Yet to call it only a development problem is to ignore the gun in the room. The Maoists are an armed, organised force that levies extortion, runs parallel courts, destroys schools and roads as symbols of the state, and kills those who cooperate with the administration. Development cannot reach a village that the insurgents will not allow a road to enter. Here the central armed police forces, principally the CRPF and its jungle-warfare CoBRA battalions working alongside state police, perform an indispensable task: they clear and hold the space in which a road can be built, a school can open and an election can be held. The steady reduction in the number of affected districts over the past decade (verify the latest figures, as the official count is revised regularly) shows that this combination of pressure and presence can work.
A balanced essay must therefore reject the false choice. Force without development wins ground and loses it again, because the grievance that fed the insurgency remains; development without security never arrives, because the insurgents prevent it. The durable approach is the two together, security to create the space and governance to fill it, what policy has come to describe as clearing, holding and developing. The human-rights dimension matters here too: operations that alienate the very population whose trust is the prize are self-defeating, a tension explored in theme human rights. Surrender and rehabilitation policies that give cadres a way back into ordinary life are as much a weapon as any rifle.
The counter-view, that firm military action alone can finish the movement, deserves a fair hearing, since a state cannot negotiate with those who reject the Constitution and kill its servants. There is truth in it: the armed core must be confronted. But the history of insurgencies, in India and elsewhere, teaches that the gun decides the battle and governance decides the peace. A district pacified but left poor and unheard will breed the next generation of recruits.

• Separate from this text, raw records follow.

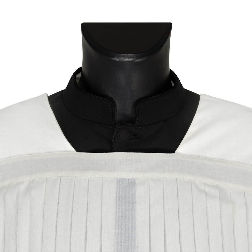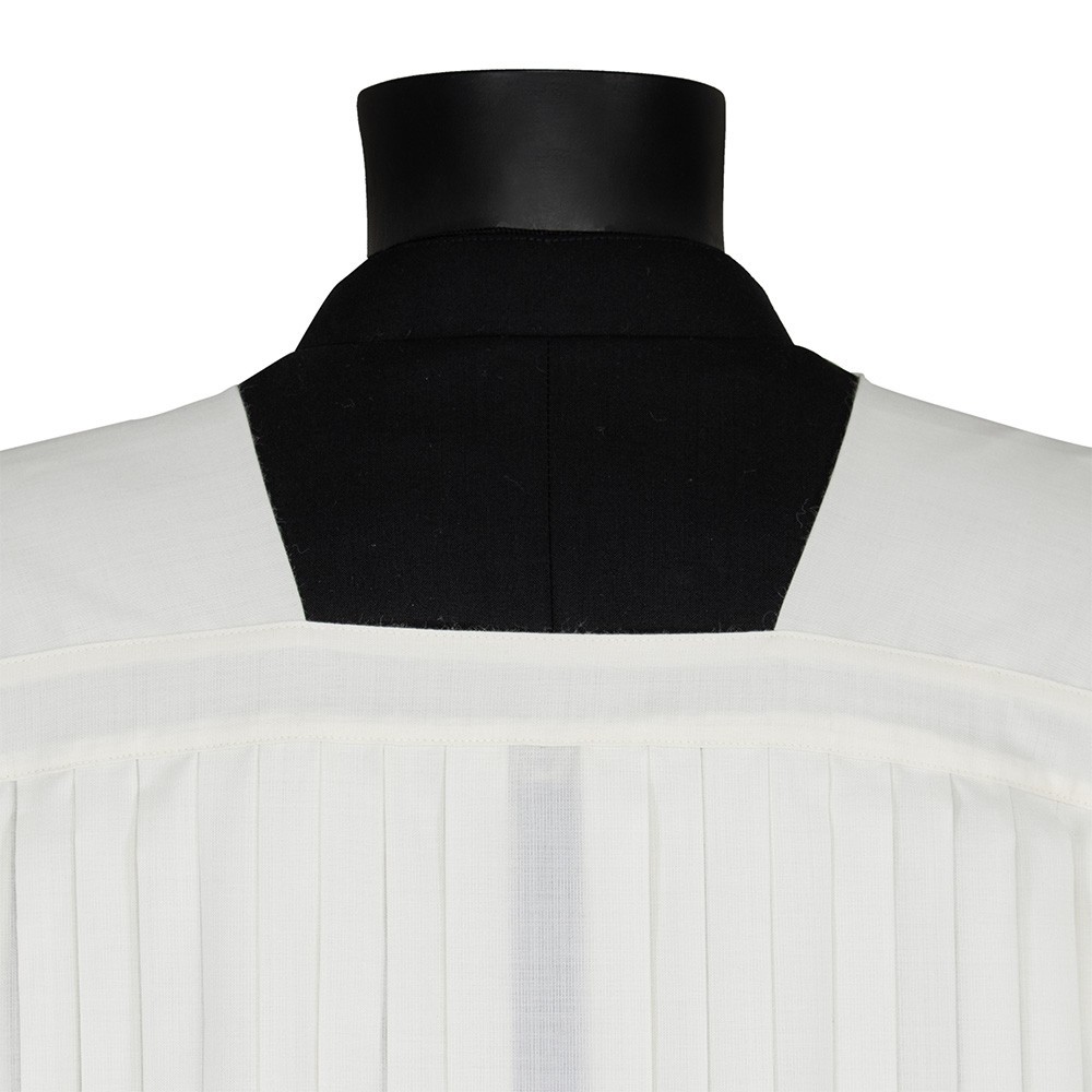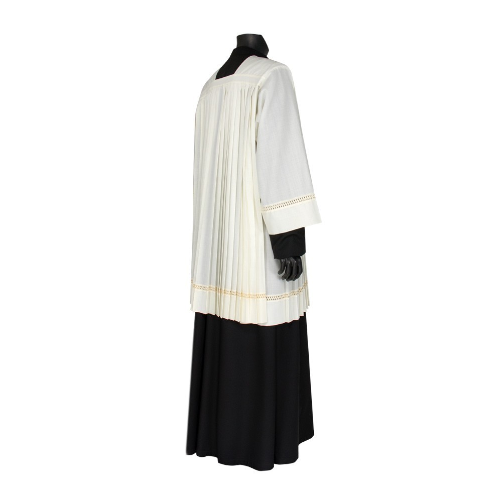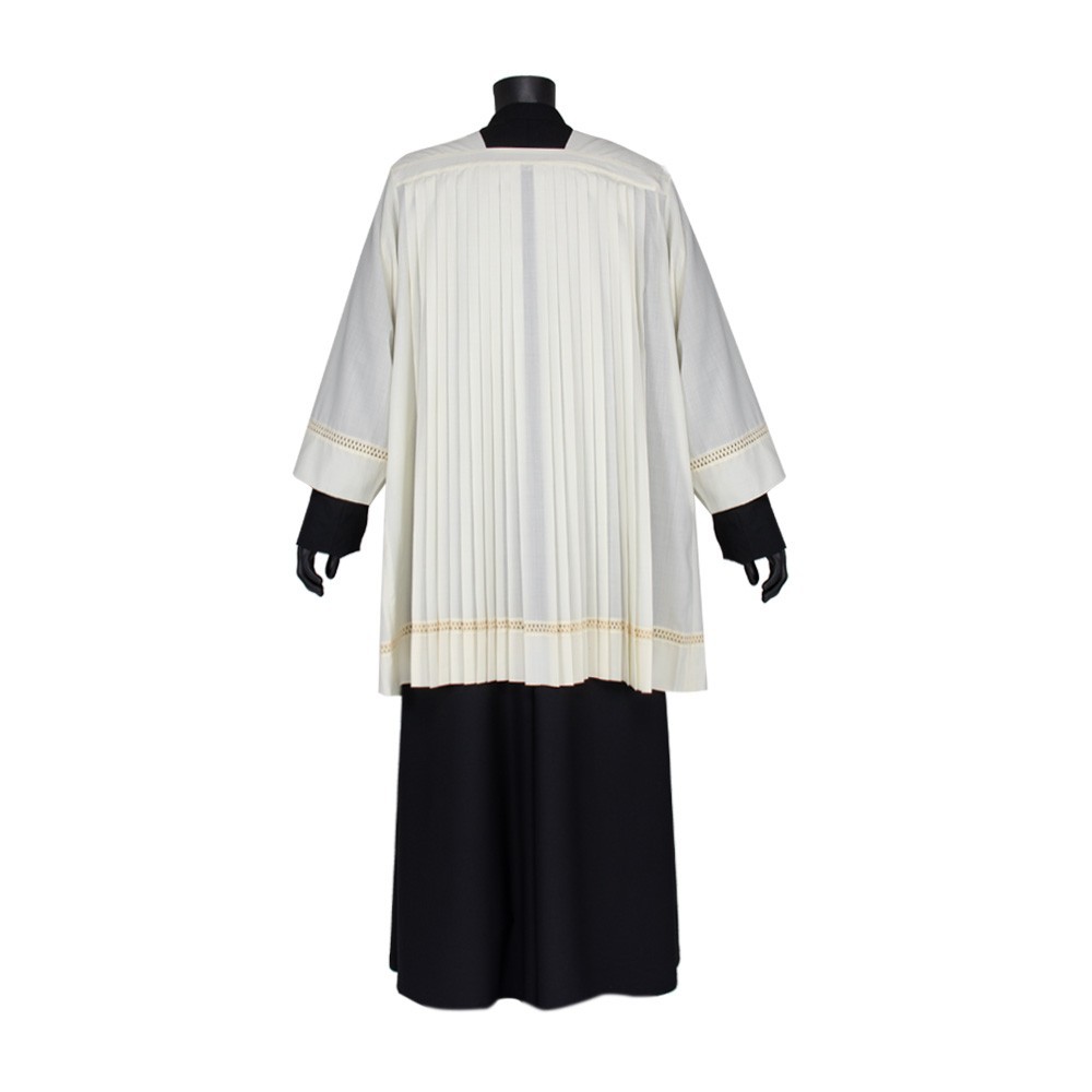 Cotta plissettata in tessuto pregiato misto lana per seminaristi, diaconi e sacerdoti. Questa veste liturgica è di colore avorio realizzata con un filo di finto gigliuccio presente in fondo e sulle maniche. Modello classico con collo quadro e piegoni. Prodotto 100% italiano.
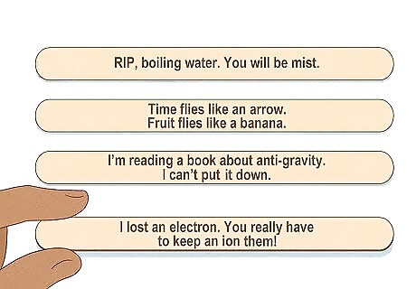 These quick quips are clever and giggle-worthy. So, really, one-liners don't tend to appear on popsicle sticks, which typically break the joke up into, y'know, two lines—the question on one end of the stick, and the answer on the other. But we've included some popsicle stick joke-esque one-liners here anyhow, because they're just so corny, kooky, and silly: RIP, boiling water. You will be mist. Time flies like an arrow. Fruit flies like a banana. I’m reading a book about anti-gravity. I can’t put it down. I lost an electron. You really have to keep an ion them! I was wondering why the frisbee kept getting bigger and bigger, but then it hit me. I went to buy some camo pants but couldn’t find any. I ordered a chicken and an egg online. I’ll let you know what comes first. I failed math so many times at school, I can’t even count. Two clown cars collided with each other last night. Over 50 died. I used to have a handle on life, but then it broke. I heard there were a bunch of break-ins over at the car park. That is wrong on so many levels. Don’t you hate it when someone answers their own questions? I do. I told him to be himself; that was pretty mean, I guess. When life gives you melons, you might be dyslexic. My wife told me to stop impersonating a flamingo. I had to put my foot down. A cheese factory exploded in France. Da-brie was everywhere. A bossy man walked into a bar and ordered everyone a round. I can’t believe I got fired from the calendar factory. All I did was take a day off. I'm not lazy, I'm just on energy-saving mode. People who use selfie sticks really need to have a good, long look at themselves. I quit my job at McDonald’s yesterday. Turns out, my boss was a real clown. I told my friend 10 jokes to make him laugh. Sadly, no pun in ten did. We also asked Garavito his go-to corny one-liner, and he offered up this gem: "I know a joke about lions, but if I told you, I’d be lyin’."
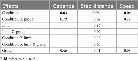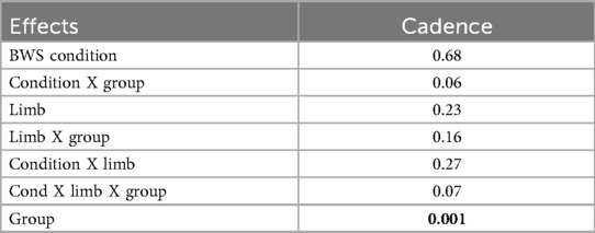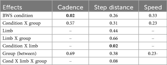 Table 3. General linear mixed model results for the temporal spatial gait measures from the baseline and 20% BWS conditions (bold = p < 0.05).
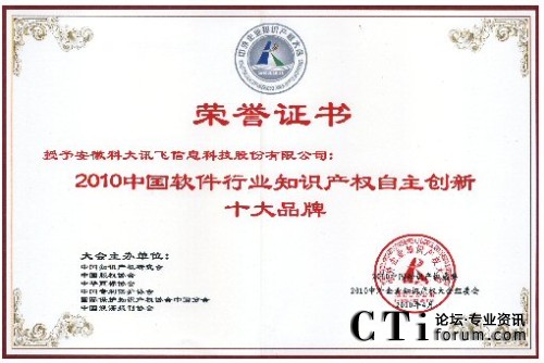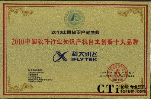 CTI論壇(ctiforum)4月29日消息(記者 潘婷婷):2010年4月25日,由中國知識產(chǎn)權(quán)研究會、中國專利保護(hù)協(xié)會、中國版權(quán)協(xié)會等單位聯(lián)合舉辦的“2010中外企業(yè)知識產(chǎn)權(quán)大會”在人民大會堂隆重舉行。在當(dāng)日的“2010中國知識產(chǎn)權(quán)盛典頒獎典禮”中,科大訊飛憑借強(qiáng)大的自主創(chuàng)新能力以及在知識產(chǎn)權(quán)創(chuàng)造、保護(hù)與應(yīng)用方面的突出表現(xiàn)獲評“2010年中國軟件行業(yè)知識產(chǎn)權(quán)自主創(chuàng)新十大品牌”。

On balance, left-wing extremism is at root a development problem that has armed itself, and the answer is neither force alone nor development alone but their disciplined union. For one who would lead the forces deployed there, the lesson is humbling: the soldier's task is to win the time and the space, but the war is finally won by the teacher, the doctor and the honest official who follow. Security is the means; the citizen's faith in the republic is the end.